EXTRACTED DATA START
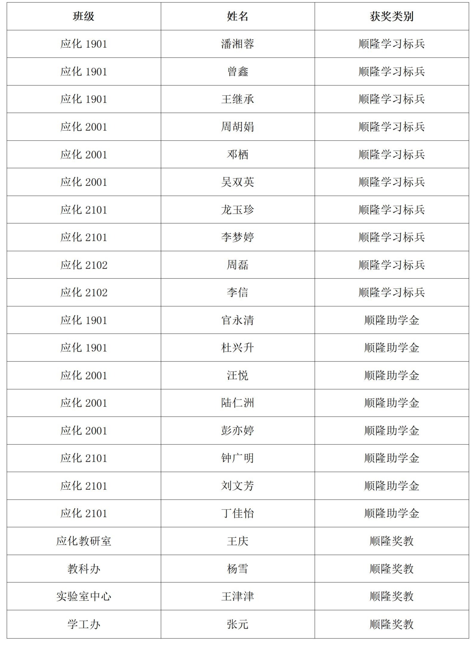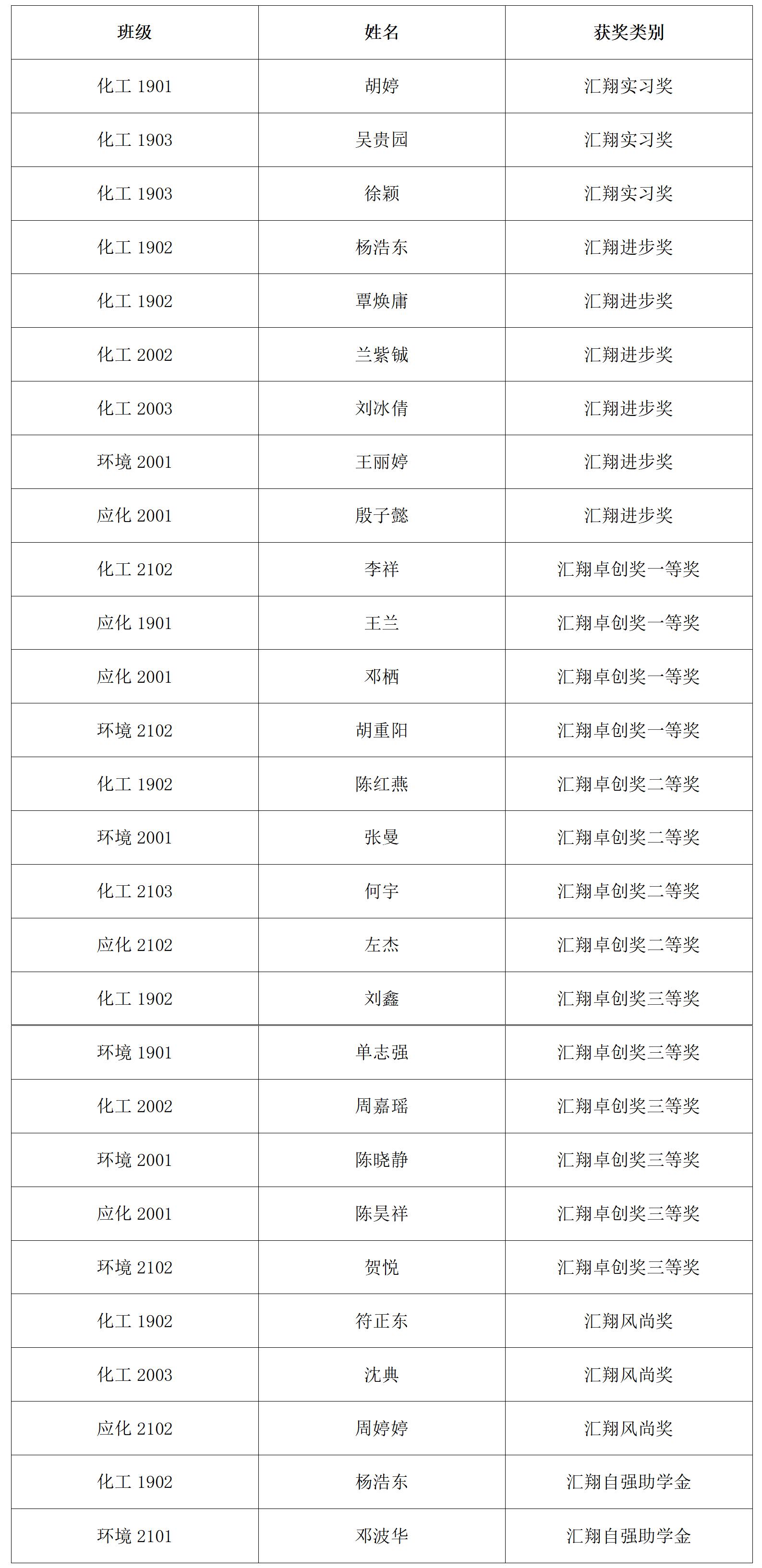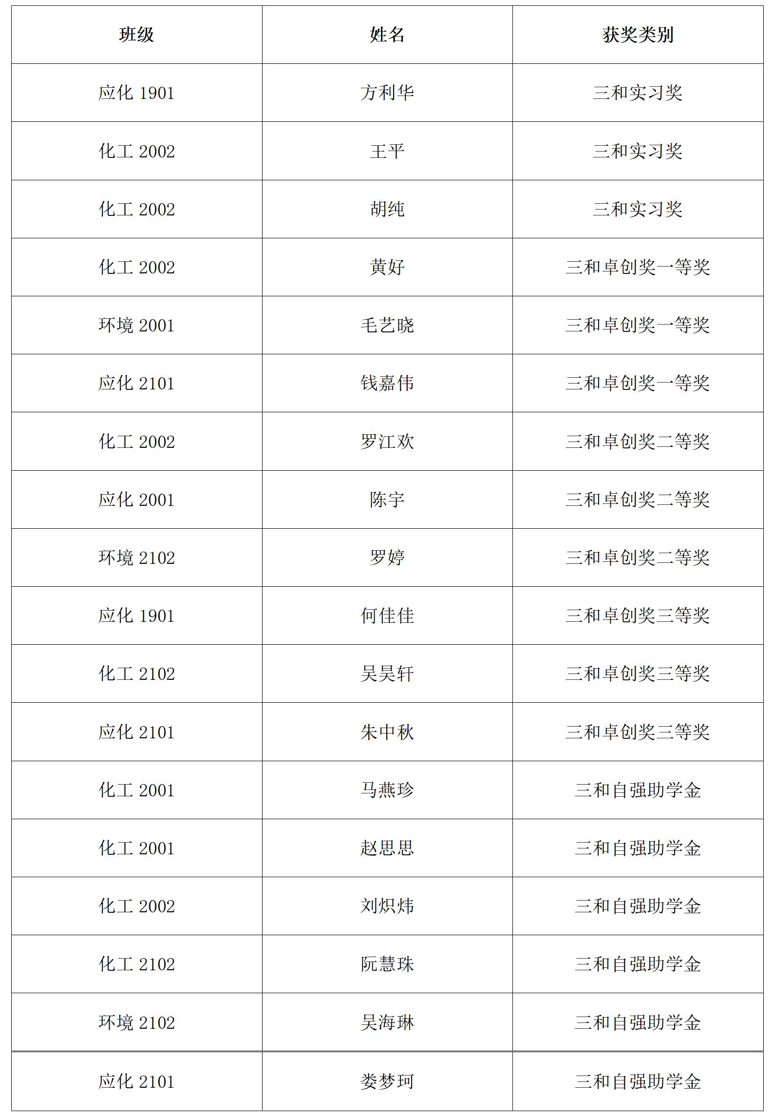 根据《20212022学年化学与环境工程学院“汇翔奖学助学基金”评选方案》、《20212022学年化学与环境工程学院“三和奖学助学基金”评选方案》、《20212022学年化学与环境工程学院“顺隆奖学助学基金”评选方案》文件精神,经个人申请、班级评议、学工办评审、班级公示、学院党委审核、学院党政联席会议讨论通过拟推荐以下同学获得“汇翔基金”、“三和基金”、“顺隆基金”的资助:
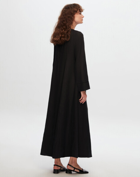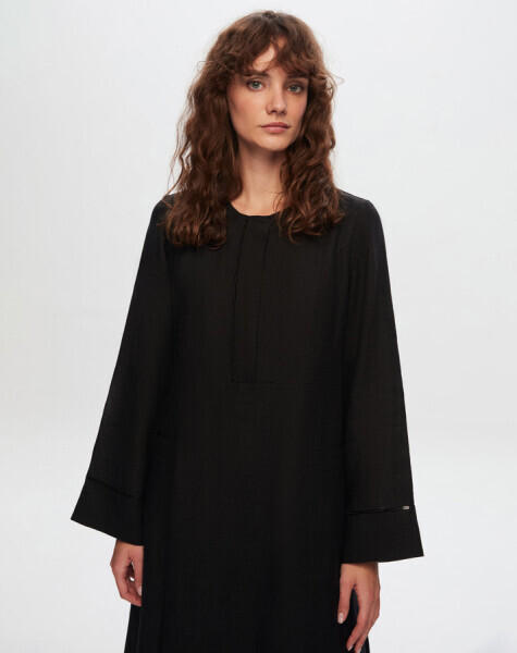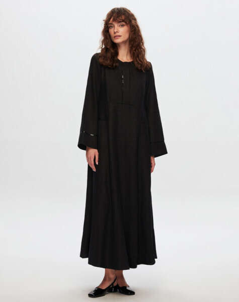 T24Y-4027 Pul Detaylı A Kesim Keten Elbise BLACK
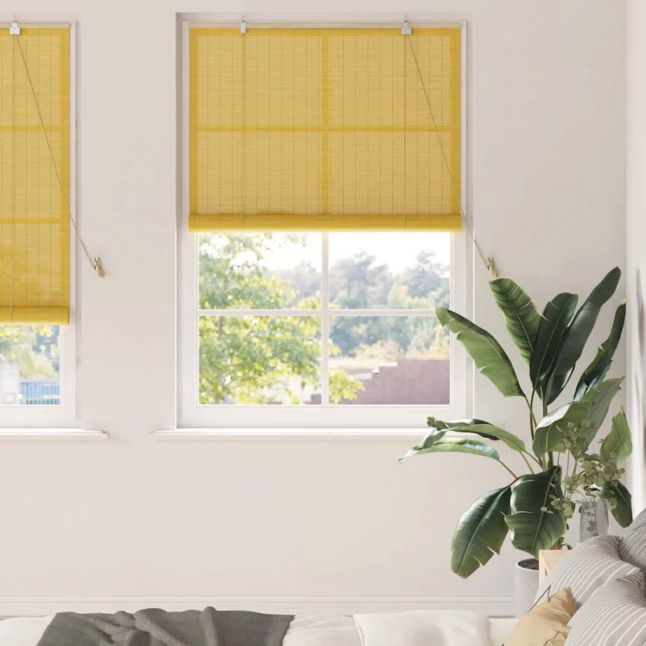 Privaatsus ja valguse reguleerimine kollase bambusest rulookardinaga
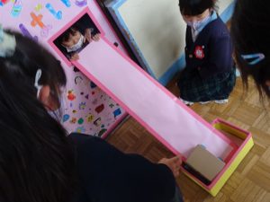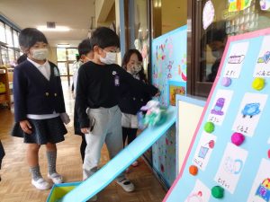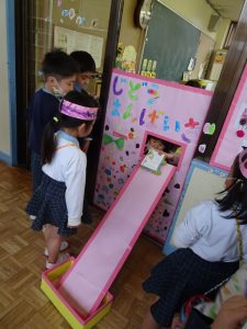 みんなで作った自動販売機は欲しいもののボタンを押して、お金を入れると商品がすべり台をすべって出てくるシステム!
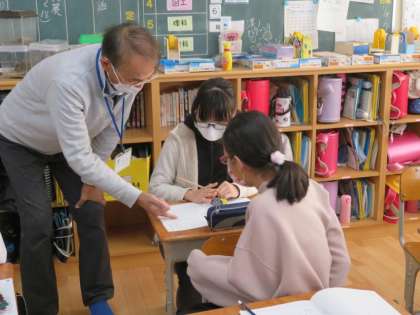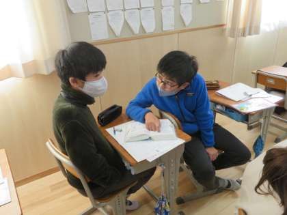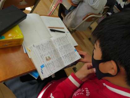 書き初めで書く言葉を考えていました。1年の心構えや抱負・目標となる言葉を、4文字以内で選びます。不屈、一心不乱、将来、広い心…、思い思いの言葉を書き出していました。その中から1つ選びます。
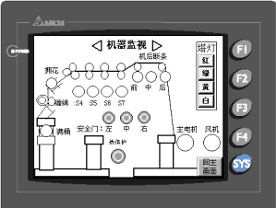 按一下監控鍵進入下面監控屏畫面,按回主畫面鍵返回主屏。此畫面直觀模擬顯示并條機整體運行狀態。故障點的燈白表示正常,灰色表示故障該點處理。
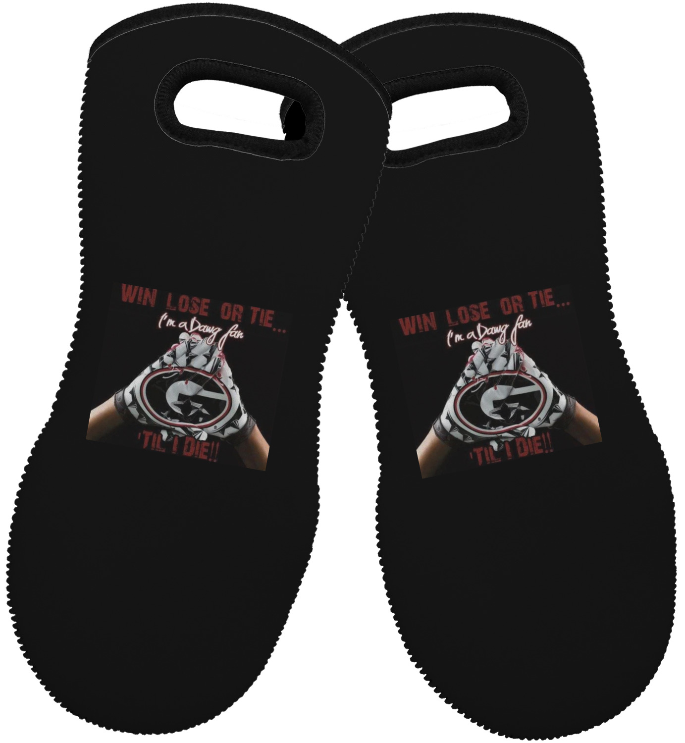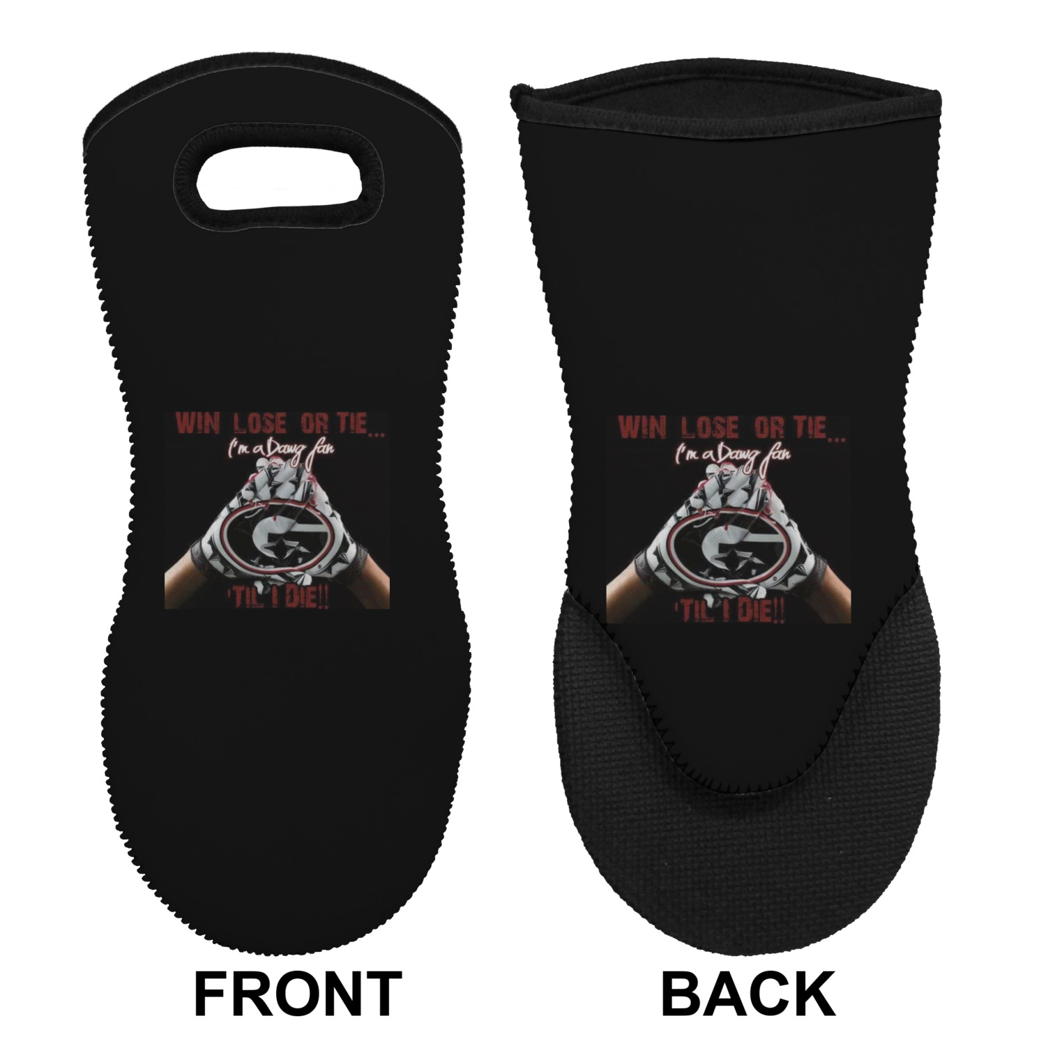 These heat resistant gloves are made entirely of a durable neoprene; the front features a softer texture, while the palm's side has a textured surface, meant to handle heat up to 500 degrees Fahrenheit. Thick, heavy duty stitching connects the two sides. A small, oval cutout appears on the front, and can be used to hang and store the mitt. Your personalization appears on the front, and the upper part of the back of the mitt. The style of these oven mitts are suitable for both the right and left hand, depending on your needs. If you need one for each hand, be sure to order two!
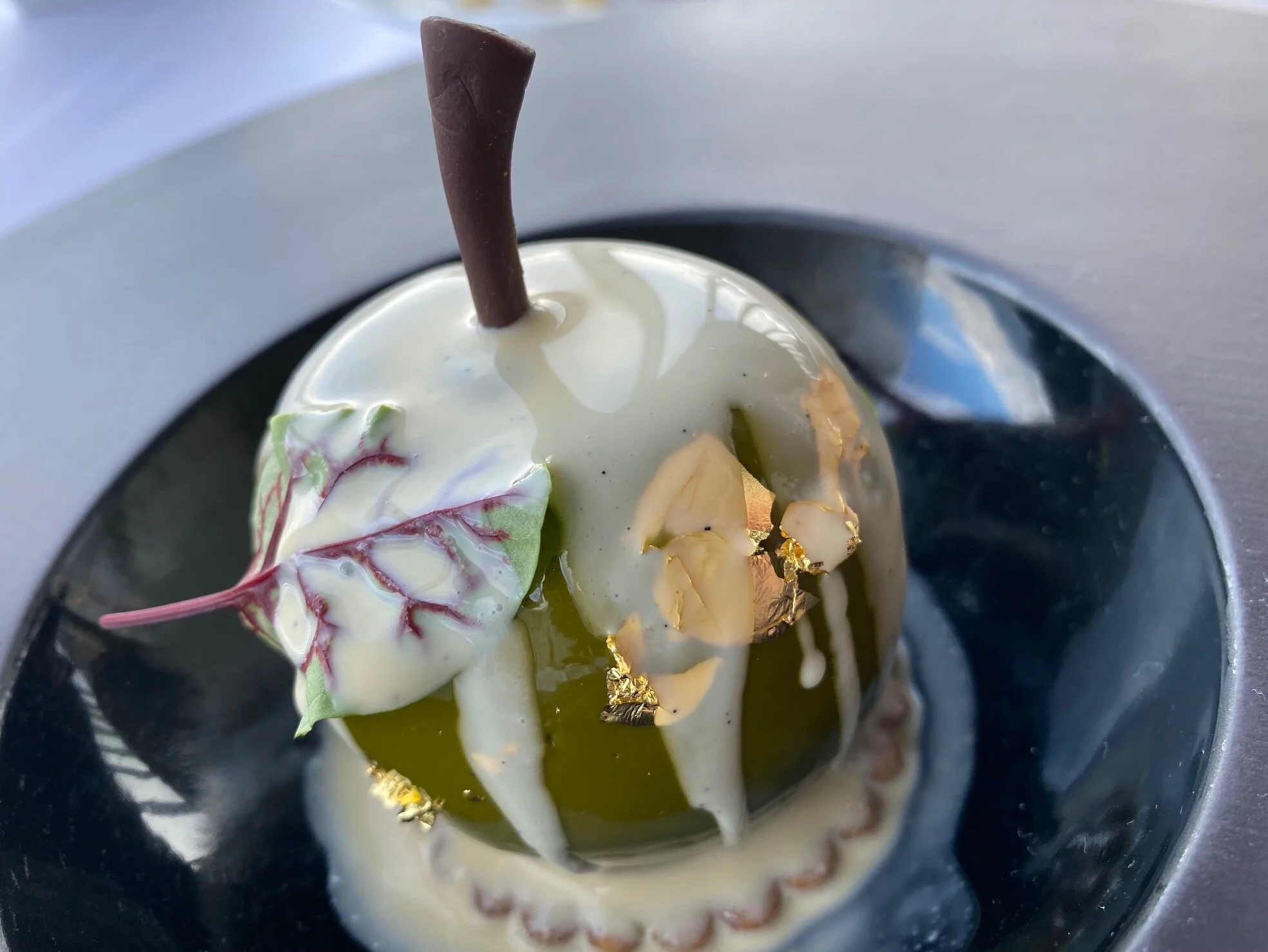 Before vanilla cream is poured over top, Douceur de Pomme Verte comes in a cloche billowing with smoke. Photo by Gail Johnson
EXTRACTED DATA END
WORK REQUEST:
Output only the lines above from the line that holds "T24Y-4027 Pul Detaylı" through the line that holds "These heat resistant", both ends included, and exclude pictures.

SOLUTION FOR THIS PROBLEM:
 T24Y-4027 Pul Detaylı A Kesim Keten Elbise BLACK
 Privaatsus ja valguse reguleerimine kollase bambusest rulookardinaga
 みんなで作った自動販売機は欲しいもののボタンを押して、お金を入れると商品がすべり台をすべって出てくるシステム!
 書き初めで書く言葉を考えていました。1年の心構えや抱負・目標となる言葉を、4文字以内で選びます。不屈、一心不乱、将来、広い心…、思い思いの言葉を書き出していました。その中から1つ選びます。
 按一下監控鍵進入下面監控屏畫面,按回主畫面鍵返回主屏。此畫面直觀模擬顯示并條機整體運行狀態。故障點的燈白表示正常,灰色表示故障該點處理。
 These heat resistant gloves are made entirely of a durable neoprene; the front features a softer texture, while the palm's side has a textured surface, meant to handle heat up to 500 degrees Fahrenheit. Thick, heavy duty stitching connects the two sides. A small, oval cutout appears on the front, and can be used to hang and store the mitt. Your personalization appears on the front, and the upper part of the back of the mitt. The style of these oven mitts are suitable for both the right and left hand, depending on your needs. If you need one for each hand, be sure to order two!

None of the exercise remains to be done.